Everything below from the line with "Εντός του Μαρτίου, η" through the line with "この会場には、交通や物流に関" must be retyped exactly, except the pictures.

**DATA FOR THIS TASK:**
________________________
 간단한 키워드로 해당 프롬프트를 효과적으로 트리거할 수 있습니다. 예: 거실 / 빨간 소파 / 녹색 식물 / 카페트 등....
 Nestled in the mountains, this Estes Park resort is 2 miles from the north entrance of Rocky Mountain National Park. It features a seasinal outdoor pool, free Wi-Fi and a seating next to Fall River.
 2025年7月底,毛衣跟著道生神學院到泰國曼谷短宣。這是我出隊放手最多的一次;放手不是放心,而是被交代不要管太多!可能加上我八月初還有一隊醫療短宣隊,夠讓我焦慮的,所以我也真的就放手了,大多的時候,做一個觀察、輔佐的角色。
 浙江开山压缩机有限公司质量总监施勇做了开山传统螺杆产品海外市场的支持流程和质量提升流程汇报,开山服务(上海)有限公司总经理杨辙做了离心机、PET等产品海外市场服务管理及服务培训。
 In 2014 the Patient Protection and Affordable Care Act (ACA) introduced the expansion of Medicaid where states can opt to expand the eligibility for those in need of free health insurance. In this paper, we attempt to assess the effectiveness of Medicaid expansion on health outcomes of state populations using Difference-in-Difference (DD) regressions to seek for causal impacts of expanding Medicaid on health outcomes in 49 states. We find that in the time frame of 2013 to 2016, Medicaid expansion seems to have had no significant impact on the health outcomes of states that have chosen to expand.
________________________
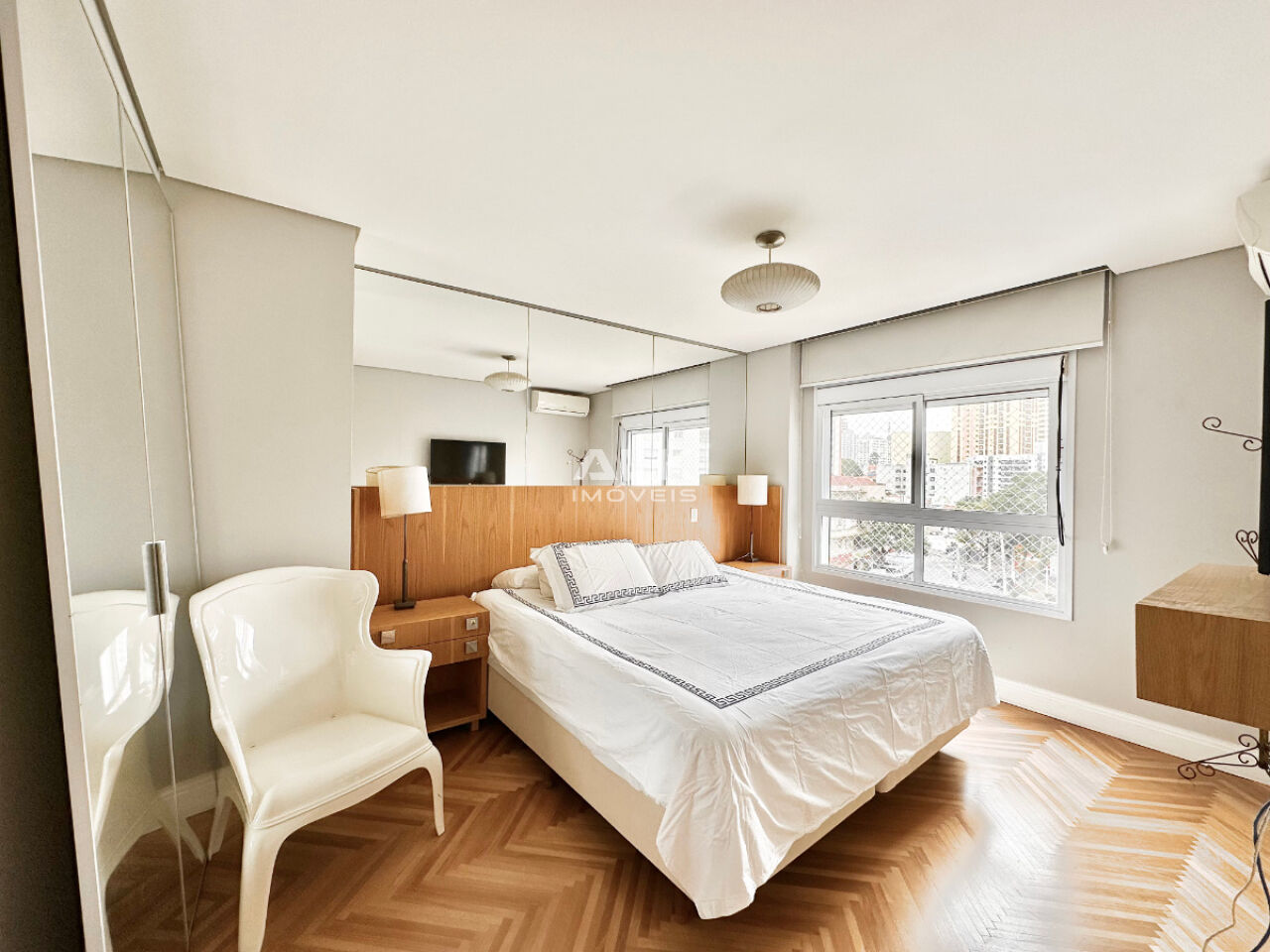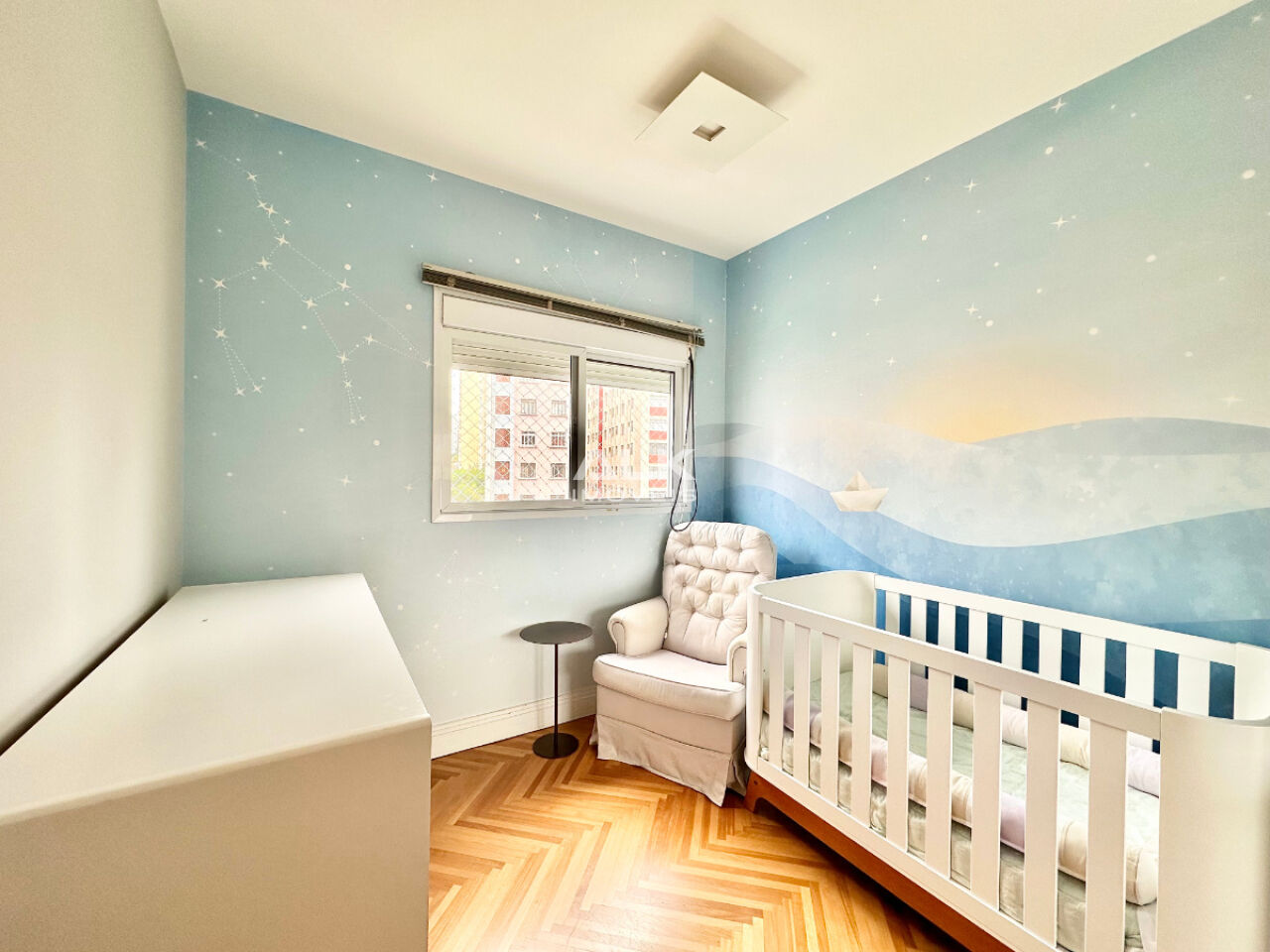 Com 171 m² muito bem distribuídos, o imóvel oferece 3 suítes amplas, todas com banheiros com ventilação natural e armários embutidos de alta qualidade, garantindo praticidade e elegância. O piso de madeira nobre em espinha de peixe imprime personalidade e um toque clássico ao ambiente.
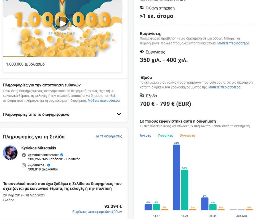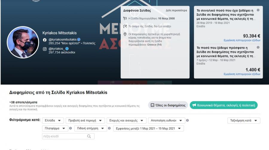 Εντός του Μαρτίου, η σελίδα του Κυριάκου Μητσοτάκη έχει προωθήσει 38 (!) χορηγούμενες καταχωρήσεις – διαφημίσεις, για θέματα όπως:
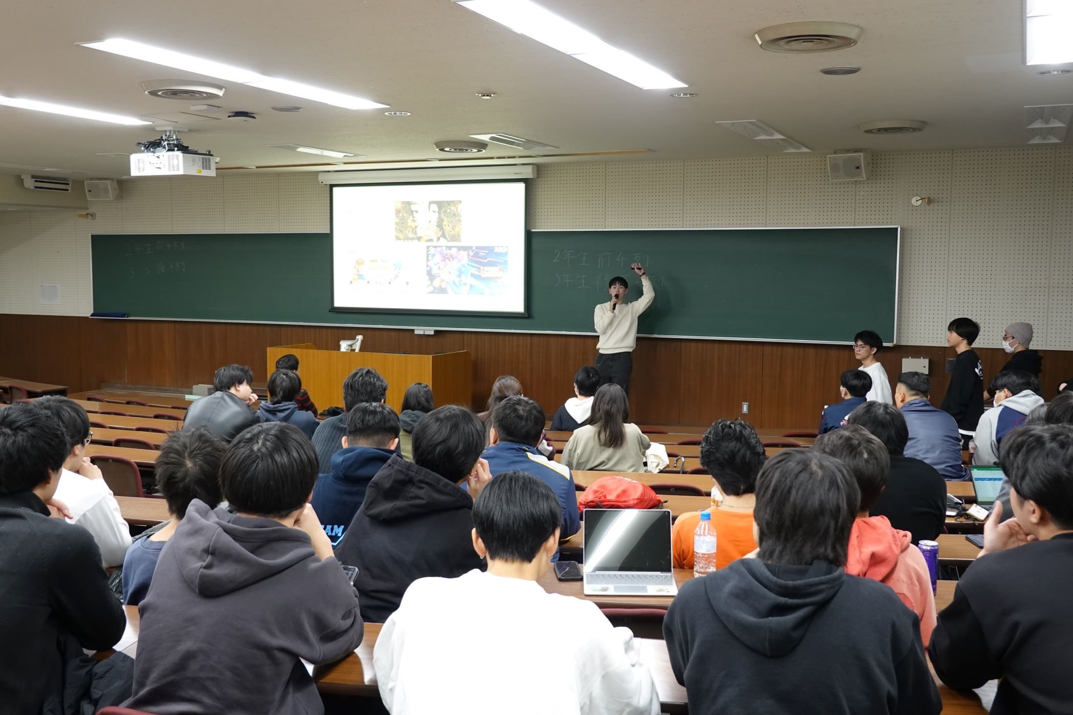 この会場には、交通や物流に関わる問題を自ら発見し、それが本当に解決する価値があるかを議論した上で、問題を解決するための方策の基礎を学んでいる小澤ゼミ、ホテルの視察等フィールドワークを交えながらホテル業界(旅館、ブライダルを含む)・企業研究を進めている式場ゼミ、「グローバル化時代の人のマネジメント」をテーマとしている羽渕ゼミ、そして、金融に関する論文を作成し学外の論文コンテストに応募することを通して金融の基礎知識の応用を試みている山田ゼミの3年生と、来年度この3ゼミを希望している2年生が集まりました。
________________________
**SOLUTION:**
 Εντός του Μαρτίου, η σελίδα του Κυριάκου Μητσοτάκη έχει προωθήσει 38 (!) χορηγούμενες καταχωρήσεις – διαφημίσεις, για θέματα όπως:
 この会場には、交通や物流に関わる問題を自ら発見し、それが本当に解決する価値があるかを議論した上で、問題を解決するための方策の基礎を学んでいる小澤ゼミ、ホテルの視察等フィールドワークを交えながらホテル業界(旅館、ブライダルを含む)・企業研究を進めている式場ゼミ、「グローバル化時代の人のマネジメント」をテーマとしている羽渕ゼミ、そして、金融に関する論文を作成し学外の論文コンテストに応募することを通して金融の基礎知識の応用を試みている山田ゼミの3年生と、来年度この3ゼミを希望している2年生が集まりました。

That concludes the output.